Detentions & Other Protection Risks
Between 4th and 10th October, ETANA was aware of tens of arrests by Syrian authorities at an official border crossing bordering Homs province and now counts approximately 130 arbitrary arrests that have taken place at official border crossings or regime checkpoints after the Syrian-Lebanese border.
Open-source reporting has uncovered other arrests away from the border. A report by Syrian outlet Al-Jumhuriya in early October also indicated that 40 people were arrested at the Pullman Garages bus station near Al-Qaboun in eastern Damascus city and in Homs after returning from Lebanon, although ETANA was unable to independently verify these reports.
Several survey respondents witnessed arrests. Nine respondents (16%) mentioned cases of arrests of individuals taken from their group (all men) or cases they heard about during their crossing (including some women detained for unknown, but likely security, reasons). Cases included military-age males who previously defected from the Syrian army being taken away at border crossings.
One female returnee’s husband, a defector, was arrested despite paying a smuggler to transport him through regime-held areas and avoid regime checkpoints: “He wasn’t with us on the same bus [because] he arranged his trip with a smuggler who assured him safe passage through regime checkpoints and promised to deliver him safely to opposition areas,” she remembered. “However, we learned that he was arrested at one of the checkpoints. To this day, we have no information about him.”
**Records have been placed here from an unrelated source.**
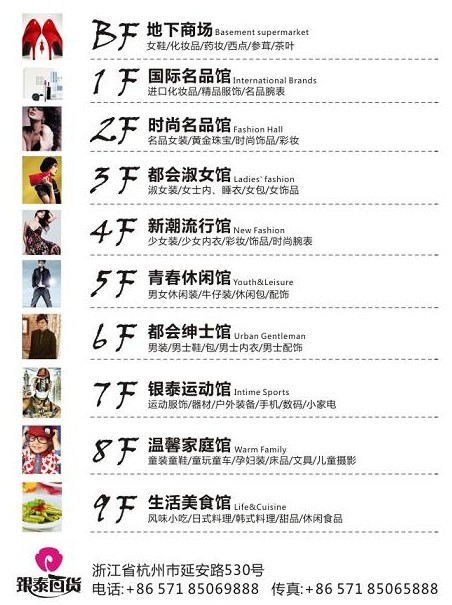 以下為銀泰杭州武林店地下一樓至地上八樓服飾類(lèi)品牌列表: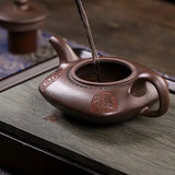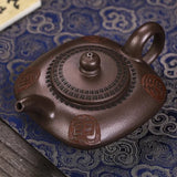 Quelle poésie se dégage de cette belle Théière en Terre Cuite de Yixing ! Des motifs finement gravés, une argile de grande qualité pour mémoriser et sublimer le thé que vous aurez choisi pour elle, une forme basse adaptée aux thés à grandes feuilles et faible parfum, voici quelques unes des nombreuses qualité de cette théière parfaitement adaptée à la préparation du thé au Gong Fu Cha.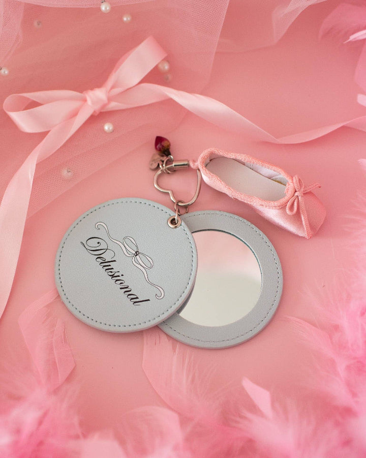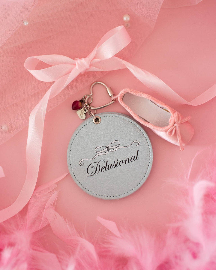 This one's for the delulu girlies 🎀 Find yourself needing a cute little mirror when you're on the go? Add this adorable mirror keychain to your keys, bag, etc and always stay looking your best. Featuring a cute bow print with the word, "delusional" on the front, simply open the flap to reveal a little mirror. The carabiner on this keychain is a silver heart shape with a ballet slipper, rosebud, and heart charm included! Mirror is made of leatherette. Measures 3" x 3"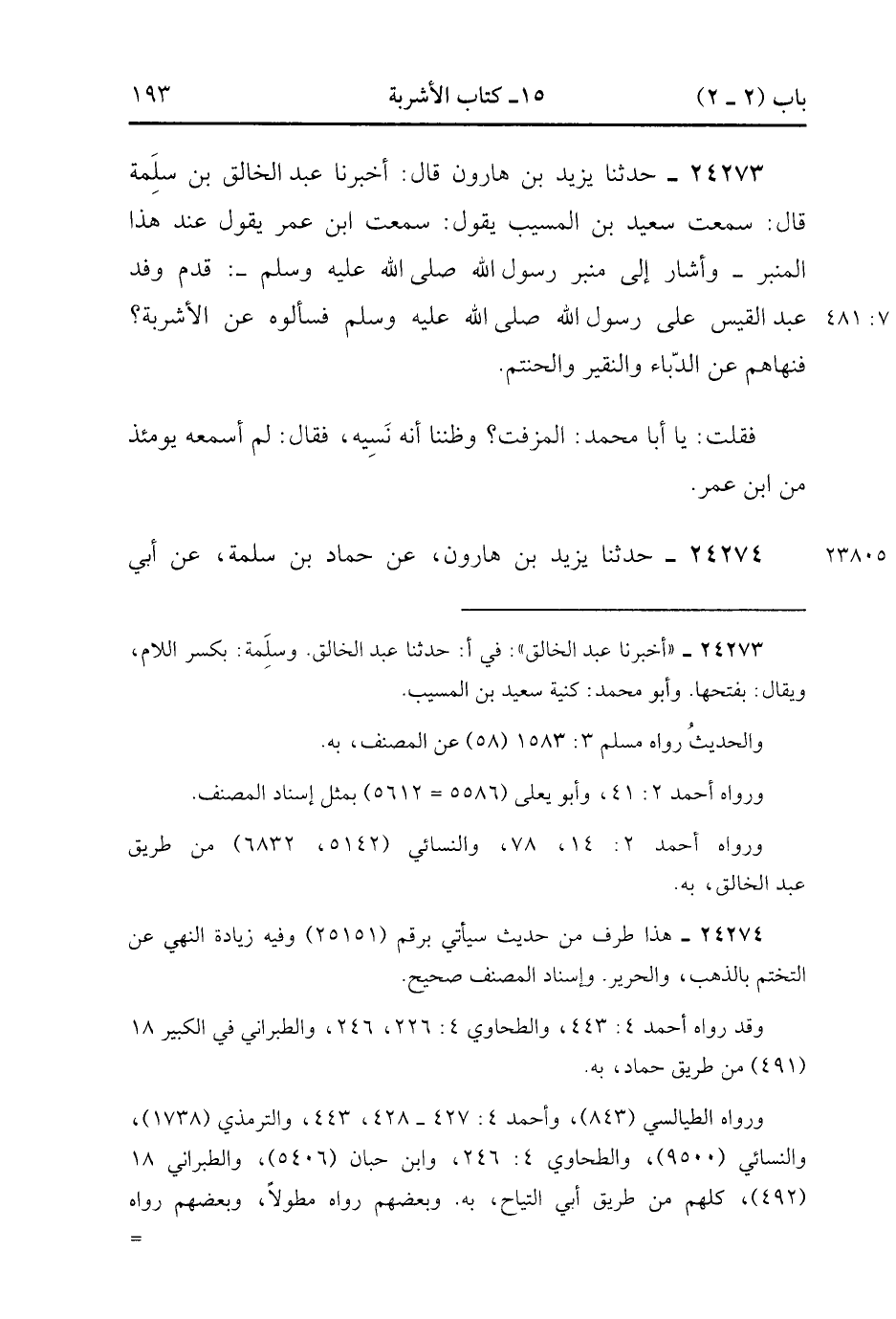 24273- حَدَّثَنَا يَزِيدُ بْنُ هَارُونَ , قَالَ : أَخْبَرَنَا عَبْدُ الْخَالِقِ بْنُ سَلَمَةَ ، قَالَ : سَمِعْتُ سَعِيدَ بْنَ الْمُسَيَّبِ يَقُولُ : سَمِعْتُ ابْنَ عُمَرَ يَقُولُ عِنْدَ هَذَا الْمِنْبَرِ ، وَأَشَارَ إِلَى مِنْبَرِ رَسُولِ اللهِ صَلَّى الله عَلَيْهِ وَسَلَّمَ : قَدِمَ وَفْدُ عَبْدِ الْقَيْسِ عَلَى رَسُولِ اللهِ صَلَّى الله عَلَيْهِ وَسَلَّمَ فَسَأَلُوهُ عَنِ الأَشْرِبَةِ ؟ فَنَهَاهُمْ عَنِ الدُّبَّاءِ ، وَالنَّقِيرِ ، وَالْحَنْتَمِ ، فَقُلْتُ : يَا أَبَا مُحَمَّدٍ ، الْمُزَفَّتِ ؟ وَظَنَنَّا أَنَّهُ نَسِيَهُ ، فَقَالَ : لَمْ أَسْمَعْهُ يَوْمَئِذٍ مِنَ ابْنِ عُمَرَ. (7/480).

For years, observers seeking to push for refugee returns to Syria have pointed to the reduced number of arrests and enforced disappearances compared with the horrific practices earlier in the conflict to argue that Syria is in fact relatively safe. Although the proportion of detainees is small compared to the total number of returning Syrians, it is important to remember that detentions and conscriptions are part of the regime’s standard operating procedure—if someone’s name appears on a list or they are more loosely regarded as a “person of interest,” their trajectory upon return is set. The above case study also demonstrates how those with security profiles are being processed and prosecuted in almost identical ways to the height of the regime’s detention practices between 2011 and 2019.
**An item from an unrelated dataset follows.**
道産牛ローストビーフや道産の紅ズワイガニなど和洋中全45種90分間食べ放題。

Return risks do not stop once a returnee has crossed the border; there are several ways that the regime can seek out returnees once they settle in regime-held areas. When a new returnee applies for services or civil status documentation, their name will be flagged to security agencies if they are wanted or designated as a person of interest. Mouraja’a (review) summons are a common tactic used by security branches, whereby returnees are “invited” for supposedly informal conversations at security branches that can turn into detention situations after days, weeks or even months of repeat summons and interrogations. Localized revenge provides another ground for detention and prosecution: for years, civilians and local regime cronies have used malicious lawsuits as one way of settling old scores and ensnaring individuals, families and whole communities accused of opposition activity since 2011.